In the early hours of 24 February 2022, Russian troops entered Ukraine. Later that day, the Russian navy captured Snake Island in Ukraine’s Black Sea waters. When the news broke, oil and European gas prices soared. The war that began, and continues to this day, has remade the continent of Europe, forcing European leaders to face the meaning of Ukraine’s national independence and accept Russia as a geopolitical antagonist rather than a critical energy supplier.
This realignment was most profound in the country that sits at modern Europe’s heart. In the event of the invasion, the stakes for Germany involved not only one unopened pipeline — the already-controversial Nord Stream 2 — but its 50-year commitment to rapprochement with Moscow. Within 72 hours, Chancellor Olaf Scholz promised to send German weapons to Ukraine, establish a €100 billion fund to increase military expenditure, and end energy dependency on Russia by opening the country to sea-borne gas. Since Putin had, Scholz told the German parliament, “demolish[ed] the European security order that had prevailed for almost half a century since the Helsinki Final Act” in 1975, everything had changed. “We are,” Scholz said, “living through a watershed era [eine Zeitenwende] … mean[ing] that the world afterwards will no longer be the same as the world before.”
In part the German chancellor was right. But Scholz’s version of why European history fractured in February 2022 also distorts reality. Self-evidently, the European security order before Russia’s war was nothing like the one that prevailed in the mid-Seventies: six new European states stood in the former western Soviet Union. Having no prior history of peacetime independence, Ukraine’s emergence in 1991 as Europe’s largest territorial state had constituted an extraordinary change.

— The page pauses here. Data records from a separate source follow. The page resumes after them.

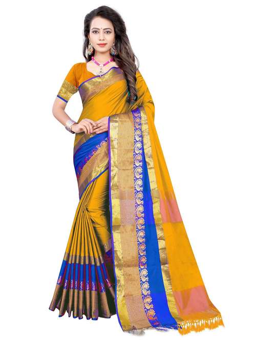 women's bordered yellow colored saree with blouse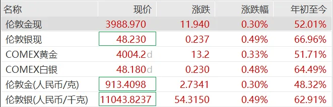 贵金属方面,现货黄金保持微弱涨幅,截至发稿报3988.97美元/盎司,日内涨0.3%。COMEX黄金报4004.2美元/盎司。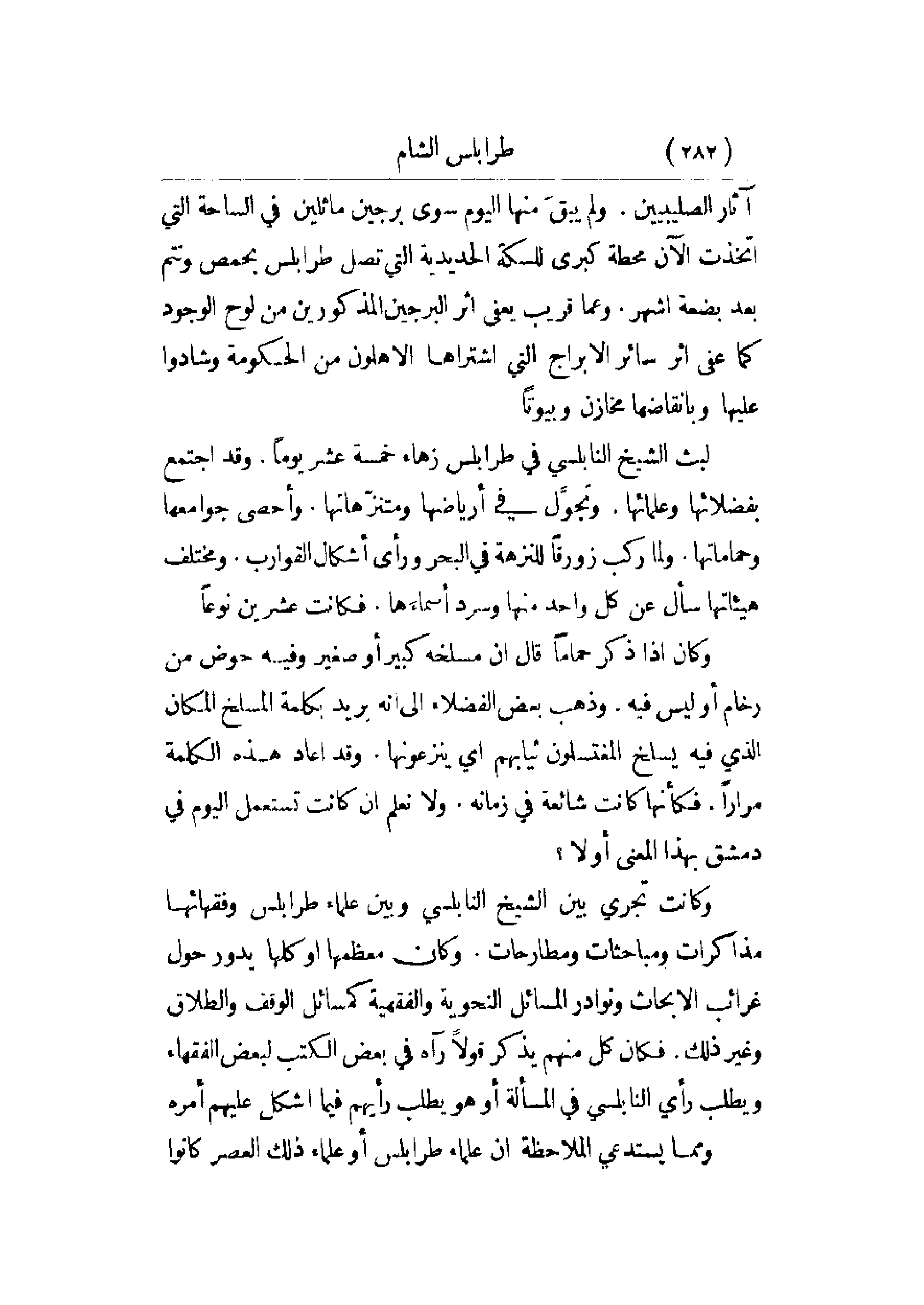 آثار الصليبيين. ولم يبق منها اليوم سوى برجين ماثلين في الساحة التي اتخذت الآن محطة كبرى للسكة الحديدية التي تصل طرابلس بحمص وتتم بعد بضعة أشهر. وعما قريب يعفى أثر البرجين المذكورين من لوح الوجود كما عفي أثر سائر الأبراج التي اشتراها الأهلون من الحكومة وشادوا عليها وبأنقاضها مخازن وبيوتاً.

But the new Ukrainian nation-state was always geopolitically precarious. Since at least 2009, Putin had openly denied the legitimacy of its existence. In the treaties Ukraine signed with Moscow during the Nineties, it ceded Russian military rights in Crimea. Then, in 2014, it lost the Crimean peninsula and entered a war against Russian-backed separatist rebels in the south-east of the country. If Russia’s invasion severed the present from the past, the shock was the scale of suffering Putin was willing to inflict to destroy Ukraine’s viability as an independent state, amplified by the chasm between the size of his initial ambition to seize power in Kyiv and a military mobilisation entirely inadequate to the task.

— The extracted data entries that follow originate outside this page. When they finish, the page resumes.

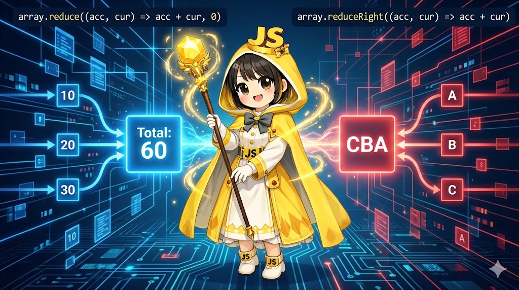 reduceRight | 右から左へ (末尾 → インデックス 0) | 指定がない場合、配列の最後の要素が初期値になります。 |
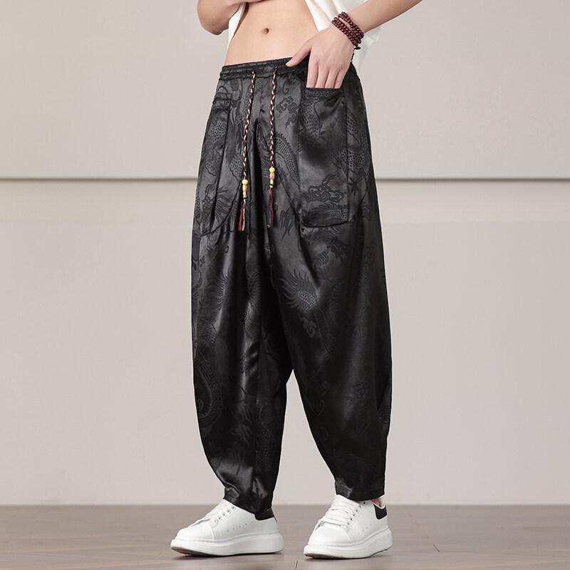 Men's Black Dragon Jacquard Elastic Waist Baggy Harem Casual Pants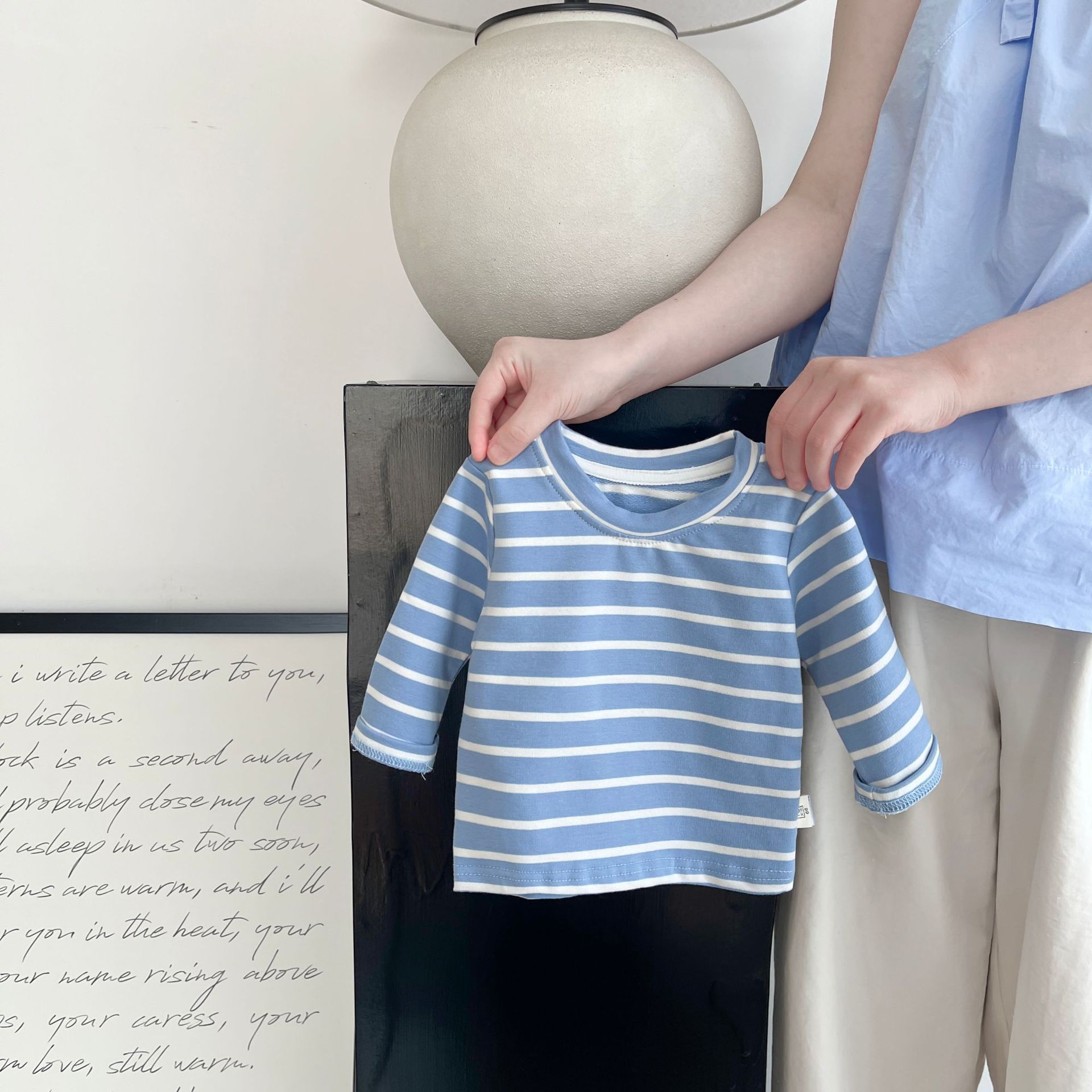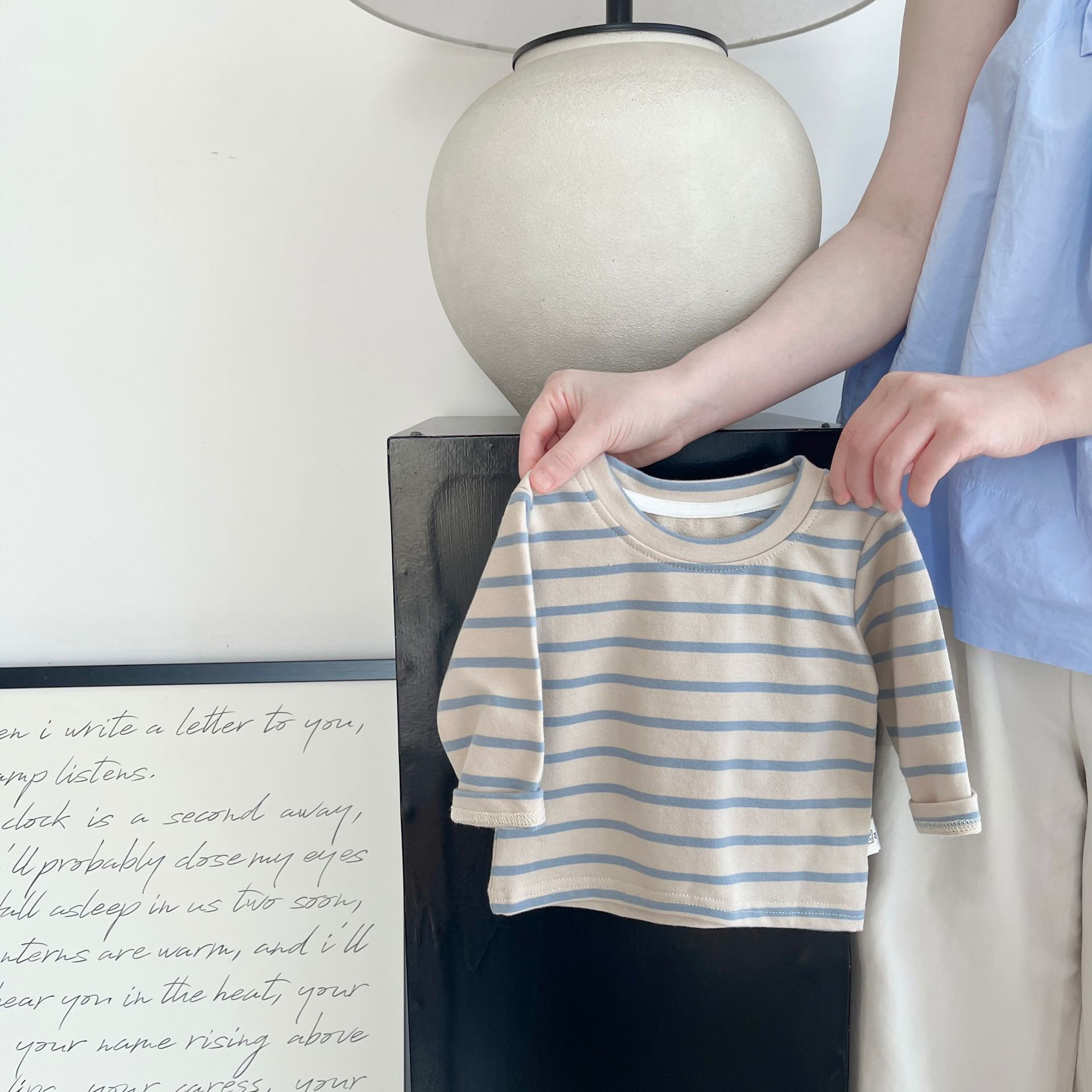 아기 가을 세트 2024 새로운 아기 줄무늬 긴 소매 바닥 셔츠 니트 스트레치 멜빵 투피스 세트스토어 가기

The unintended consequence for Europe is now clear: the emergence of a largely unified nation-state-in-arms with a pressing claim for EU membership that will prove hard to realise without concurrent Nato entry. Regardless of Ukraine’s prospects for entering either association with any alacrity, Ukraine’s resilience against Russia has rendered Ukrainian nationhood a crucial geopolitical fact. In a 1984 essay, the Czech novelist Milan Kundera wrote that the Ukrainian nation, “one of the great European nations… is slowly disappearing. And this enormous, almost unbelievable event is occurring without the world realising it”. Ukraine’s independence seven years afterwards only partly introduced western Europeans to Ukrainian history. But, by trying to eliminate Ukrainian nationhood, Putin has instead ensured that it has become a permanent feature of Europe with which the EU must grapple.
The post-Cold War EU relied on a measure of German-Russian reconciliation to allow for German reunification even as the eastern European states had only just successfully asserted their nationhood against the Soviet version of the imperial Russian empire. Thereafter, the Holocaust, as an end point for German nationalism and the catastrophic culmination of decades of ethnic division in eastern Europe, became pivotal to the imaginative construction of the idea of European unity. By contrast, in 2022, a state subject to the simultaneous experience of the Holocaust and Soviet mid-20th century terror became an official candidate for EU membership by fighting a defensive war for its territorial national sovereignty.